I recently spoke with Anna Gainey about her campaign, the challenges facing the party and the role she sees the president playing in meeting those challenges. The following is an edited transcript of our conversation. My interview with Brian Rice ran yesterday.

How do you define the role of national president?

First and foremost, the role pf the party president is to represent the membership at senior levels of the party. For the next two years we’ll be focused on election readiness going into a campaign, so a lot of the interactions at the senior levels of the party will be with the national election readiness committee and the party to make sure we’re prepared.

Why would you like to be national president?

I’ve been involved with party for a long time. Most recently I was involved with Justin’s (Trudeau) leadership team. When I understood that Mike (Crawley) wasn’t going to be running again it gave me a moment to consider if that would be a good time to expand my commitment and involvement, and after some reflection over the summer I decided it would be. We had a lot of momentum and a great organization built around Justin’s leadership campaign and I had the opportunity to build on that momentum and bring those people into this organization and build towards winning in 2015.

What’s your first priority should you get the job?

My platform has some overarching themes, and four broader categories of where I see our priorities. I put forward some specific ideas under those. But they’re just that – suggestions. It will be up to a broad group to look at that, to do some feasibility studies and decide how we prioritize and move forward as a team. I don’t see the president as someone there to drive personal priorities. I want this to be a collaborative effort. I want to put forward some ideas on what I believe people see, but we will need to come together to see what resources we have. It needs to be a product of collaboration with the team.

How do you propose to put the ridings at more of the centre of the party?

I think one of the biggest challenges I hear from people, and I’ve experienced this myself as a riding president, is we could do a better job communicating and coordinating through all levels of the party. We could improve our cohesiveness. Sometimes there’s just a lack of clarity. When you become a riding president, where do you go to learn what that job means?

We need to clarify the lines of communication to make sure information is available to volunteers, and they know where to get it. If we can be better coordinated and improve our communications, that’s going to help our volunteers do better, and find a niche where they can contribute and get the training and resources to do that role, whether its canvassing of setting up an EDA (electoral district association).

It will be different from riding to riding, depending on the health of the riding, whether it’s urban or suburban. Every riding has its own needs, and it’s up to the party to listen to what those needs are and ensure the people on the ground prepared to do the work have access to the tools they need.

(My blogging colleague Scott Tribe recently wrote about the frequency of party fundraising emails and hadn’t received a reply from the Gainey campaign by his deadline, so I asked the following question.)

How can the party better coordinate fundraising efforts so members and supporters receive less pitch e-mails, and nomination candidates, riding associations and PTAs as well as the national level all have room to raise for their respective needs?

To me it goes back to preparation and election readiness, and the room for improvement communicating through different levels of the party.

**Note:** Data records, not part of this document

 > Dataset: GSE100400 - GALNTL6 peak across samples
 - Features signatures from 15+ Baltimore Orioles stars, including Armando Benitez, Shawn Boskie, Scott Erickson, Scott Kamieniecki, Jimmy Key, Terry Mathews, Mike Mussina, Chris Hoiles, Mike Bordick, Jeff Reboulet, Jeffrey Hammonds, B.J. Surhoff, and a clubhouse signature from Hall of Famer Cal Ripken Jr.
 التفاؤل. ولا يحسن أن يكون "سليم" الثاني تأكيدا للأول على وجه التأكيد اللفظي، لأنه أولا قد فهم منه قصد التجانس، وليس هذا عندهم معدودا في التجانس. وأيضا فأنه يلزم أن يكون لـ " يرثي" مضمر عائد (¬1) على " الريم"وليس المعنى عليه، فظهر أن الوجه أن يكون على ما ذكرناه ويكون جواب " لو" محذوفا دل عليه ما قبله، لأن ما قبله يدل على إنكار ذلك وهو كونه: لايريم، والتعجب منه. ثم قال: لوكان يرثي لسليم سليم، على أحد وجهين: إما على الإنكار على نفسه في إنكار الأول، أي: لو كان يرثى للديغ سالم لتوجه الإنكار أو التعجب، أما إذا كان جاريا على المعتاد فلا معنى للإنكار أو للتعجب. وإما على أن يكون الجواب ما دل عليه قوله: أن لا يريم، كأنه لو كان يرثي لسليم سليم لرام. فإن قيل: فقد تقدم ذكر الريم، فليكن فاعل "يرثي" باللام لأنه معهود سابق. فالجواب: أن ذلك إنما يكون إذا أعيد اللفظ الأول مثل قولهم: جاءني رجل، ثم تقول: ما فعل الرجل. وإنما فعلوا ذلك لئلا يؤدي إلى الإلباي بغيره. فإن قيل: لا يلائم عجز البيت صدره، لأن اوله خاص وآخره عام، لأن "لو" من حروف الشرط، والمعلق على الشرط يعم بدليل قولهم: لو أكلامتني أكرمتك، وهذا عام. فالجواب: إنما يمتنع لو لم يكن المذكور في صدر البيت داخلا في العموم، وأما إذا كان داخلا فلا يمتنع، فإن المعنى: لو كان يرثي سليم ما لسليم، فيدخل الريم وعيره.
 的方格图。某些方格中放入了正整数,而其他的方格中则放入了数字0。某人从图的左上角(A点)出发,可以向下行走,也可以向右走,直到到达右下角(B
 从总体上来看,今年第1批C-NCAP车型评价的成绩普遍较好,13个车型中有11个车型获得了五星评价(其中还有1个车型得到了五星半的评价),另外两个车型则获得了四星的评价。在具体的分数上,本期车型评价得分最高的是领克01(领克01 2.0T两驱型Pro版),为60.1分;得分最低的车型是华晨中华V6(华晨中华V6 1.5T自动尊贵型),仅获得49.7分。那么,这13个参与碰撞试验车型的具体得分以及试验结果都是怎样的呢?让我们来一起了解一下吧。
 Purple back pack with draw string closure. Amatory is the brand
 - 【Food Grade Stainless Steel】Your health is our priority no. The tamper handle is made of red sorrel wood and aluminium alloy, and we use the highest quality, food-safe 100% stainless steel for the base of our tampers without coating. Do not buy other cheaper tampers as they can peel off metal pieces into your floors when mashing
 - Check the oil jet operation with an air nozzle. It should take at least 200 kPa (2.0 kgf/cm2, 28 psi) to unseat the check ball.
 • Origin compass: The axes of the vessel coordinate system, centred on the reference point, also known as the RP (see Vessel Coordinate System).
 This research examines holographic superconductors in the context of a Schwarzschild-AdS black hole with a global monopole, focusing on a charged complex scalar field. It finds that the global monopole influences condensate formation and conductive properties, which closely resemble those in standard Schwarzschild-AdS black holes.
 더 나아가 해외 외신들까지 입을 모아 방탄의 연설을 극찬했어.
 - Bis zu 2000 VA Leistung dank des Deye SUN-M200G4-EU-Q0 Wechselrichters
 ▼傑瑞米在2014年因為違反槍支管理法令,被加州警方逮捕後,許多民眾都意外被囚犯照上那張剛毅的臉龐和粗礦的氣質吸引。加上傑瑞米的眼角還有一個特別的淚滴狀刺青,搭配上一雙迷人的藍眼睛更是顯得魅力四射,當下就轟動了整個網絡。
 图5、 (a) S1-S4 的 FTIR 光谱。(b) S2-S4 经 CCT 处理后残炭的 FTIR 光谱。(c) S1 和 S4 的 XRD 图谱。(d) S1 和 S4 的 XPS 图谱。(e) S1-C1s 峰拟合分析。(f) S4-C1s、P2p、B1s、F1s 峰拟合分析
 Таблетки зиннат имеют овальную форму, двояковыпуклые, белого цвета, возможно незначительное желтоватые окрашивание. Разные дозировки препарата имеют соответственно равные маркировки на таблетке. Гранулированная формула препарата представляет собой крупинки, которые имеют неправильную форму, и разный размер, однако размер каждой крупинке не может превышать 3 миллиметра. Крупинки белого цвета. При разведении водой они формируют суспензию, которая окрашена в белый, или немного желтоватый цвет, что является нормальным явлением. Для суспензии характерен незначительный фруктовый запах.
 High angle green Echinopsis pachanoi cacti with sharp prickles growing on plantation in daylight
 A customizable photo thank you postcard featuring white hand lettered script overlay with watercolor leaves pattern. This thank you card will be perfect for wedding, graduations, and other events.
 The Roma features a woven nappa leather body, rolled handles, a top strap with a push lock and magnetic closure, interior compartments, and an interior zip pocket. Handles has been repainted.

As a riding president, I’ve had the experience of planning an event only to have it bumped by something at another level of the party. I can also relate to the frustration of repeated asks.

I think there’s technology and analytics we can use so we can be targeted with our asks and be more surgical, and we’re not hitting the same people over and over again with the same message. That’s something we need to improve on.

When it comes to different levels of the party not making it difficult to raise the money needed for the campaign, that’s going to come through awareness of what’s going on on the ground and the national party trying to be sensitive to the efforts of volunteers working to support their local candidates. That’s an area where the national president can be helpful. I intend to be accessible to help through those situations as they arise.

It won’t be perfect all the time, but I think if we have people committed to solving problems through dialogue and communication it will go a long way to smoothing out potential hiccups.